UK subprime lender Amigo plans move into music streaming
Unlock the Editor’s Digest for free
Roula Khalaf, Editor of the FT, selects her favourite stories in this weekly newsletter.
Amigo Holdings, the ailing UK subprime lender currently winding down its business, is in talks over a move into the music and film streaming market in a bid to generate “some small value” for shareholders.
The company said on Tuesday that it had entered exclusive discussions with a group led by Craven House Capital to buy Norway-based music streaming service ONE Bas.com, Swedish film streaming service TV Zinos, payments provider Payzinos and another company, in exchange for newly issued Amigo shares.
Amigo’s shares have been suspended from trading pending more news on the deals. The company said that if the transactions went through, existing shareholders would be “significantly diluted”. The deals could result in a cash subscription of at least £5mn for newly issued shares, it added.
The agreement to enter exclusive talks until December 14 comes after an “extensive search” for financing for Amigo’s lending business, a task that the company concluded was “effectively not possible”.
If completed, the deals would deliver “some small value to shareholders which wouldn’t be possible otherwise”, said chief executive Danny Malone.
“We have remained open to investment opportunities that would allow the business to restart, but have always said the likelihood of success to be very low,” he said. “Unfortunately that has been the case”.
The lender in March said it would halt all lending and wind down its business after several efforts to restructure it and its failure to raise a crucial £45mn from investors. The UK’s financial watchdog in February censured Amigo for failing to properly assess whether borrowers could afford its loans but spared it a £72.9mn fine to avoid “serious financial hardship”.
Amigo’s collapse as a lender came amid wider turmoil in the subprime lending market, which provides loans to borrowers who are unable to borrow from traditional lenders due to their credit histories. The sector took off in the wake of the great financial crisis before coming under regulatory scrutiny over the affordability of its loans.
A regulatory crackdown claimed some of the sector’s biggest names, including payday lender Wonga, which collapsed in 2018 following a flurry of claims from former customers.
Liam Evans, director at Alvarez & Marsal, said the move into streaming was part of a wider diversification trend within financial services companies.

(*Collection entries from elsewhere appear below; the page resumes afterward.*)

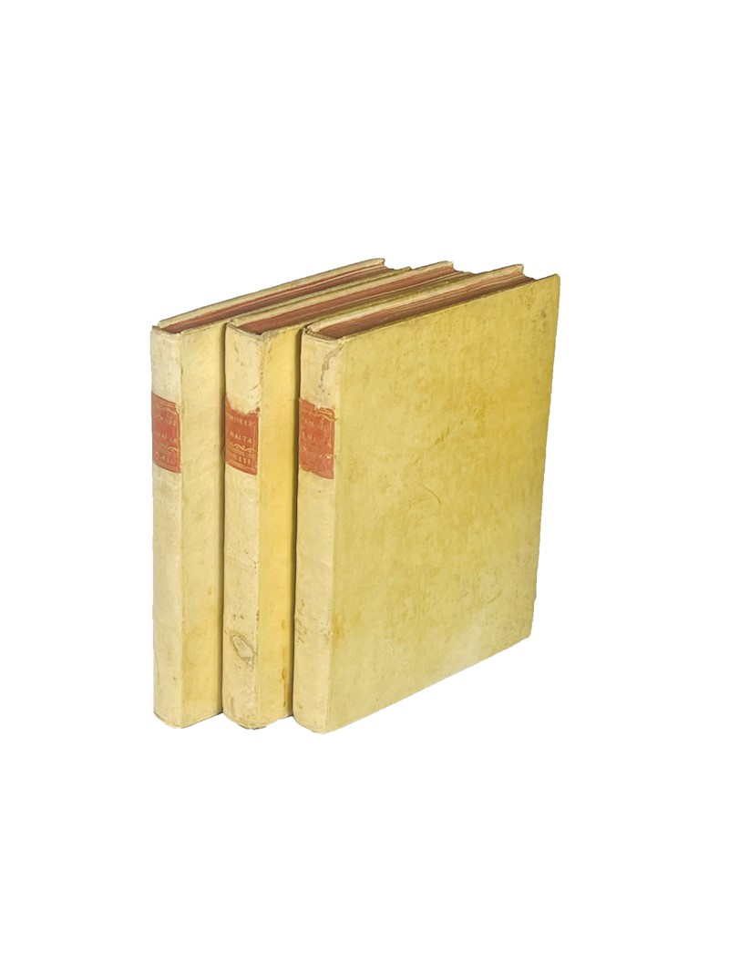 Three volumes in 4to; 277x203 mm. Contemporary full stiff vellum binding, red edges, titles on labels on spines. Pp. (12), XL, (4), 215, (1); (10), 225; (8), 249, (1). 3 plates o.t., 21 engraved headpieces and 6 engraved tailpieces in the text. Vignettes on the three titlepages. Nice specimen within a modern box.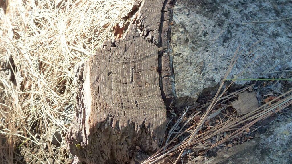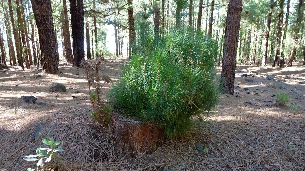 Der Kiefernwald am Anfang der Strecke hat noch Winter und man geht über einen zentimeterdicken Teppich aus den extrem langen Nadeln der kanarischen Kiefer. Diese ist in vielerlei Hinsicht ein Phänomen, denn nur wenige Pflanzen haben so einen ausgeprägten Überlebenswillen. Ausgestattet mit einer sehr dicken Rinde (die Rinde auf der unten abgebildeten Baumscheibe ist 14cm dick) ist der Baum durch Feuer kaum zu vernichten. Bei einem der im Sommer nicht seltenen Waldbrände, verbrennen Nadeln und dünnere Äste – der Stamm bleibt schwarz – scheinbar verkohlt – wie ein Telegrafenmast stehen – um im Folgejahr an dem verkohlten Pfahl erneut auszutreiben!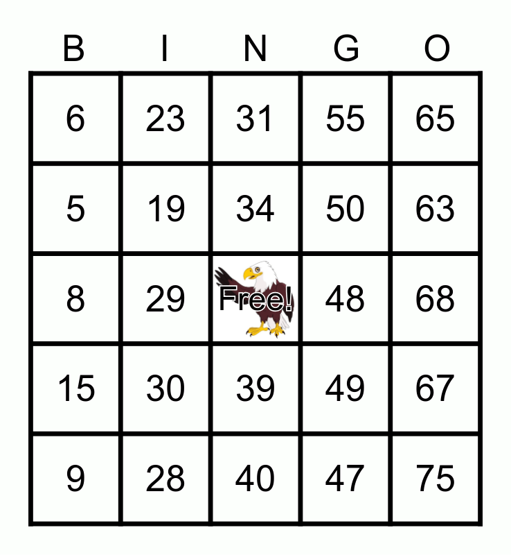 This bingo card has a free space and 75 words: 1, 16, 31, 46, 61, 2, 17, 32, 47, 62, 3, 18, 48, 63, 4, 19, 33, 49, 64, 5, 20, 34, 50, 65, 6, 21, 35, 51, 66, 7, 22, 36, 52, 67, 8, 23, 37, 53, 68, 9, 24, 38, 54, 69, 10, 25, 39, 55, 70, 11, 26, 40, 56, 71, 12, 27, 41, 57, 72, 13, 28, 42, 58, 73, 14, 29, 43, 59, 74, 15, 30, 44, 60, 75 and 45.

“In this space of high-cost loans it’s very difficult to generate capital . . . what this is going to do for Amigo is generate access to customers that it can then revert back into loans in the medium term” said Evans, adding this would allow the lender to avoid going through brokers to acquire customers.
Malone, who resigned from the top job in May, would continue to lead Amigo past his notice period until the end of the year in an effort to help with the negotiations, the company said. Amigo would continue to wind down its lending business as planned, it added.
Shares in Amigo have plummeted since its £1.3bn listing in 2018 with the group now trading with a market value of £1.8mn.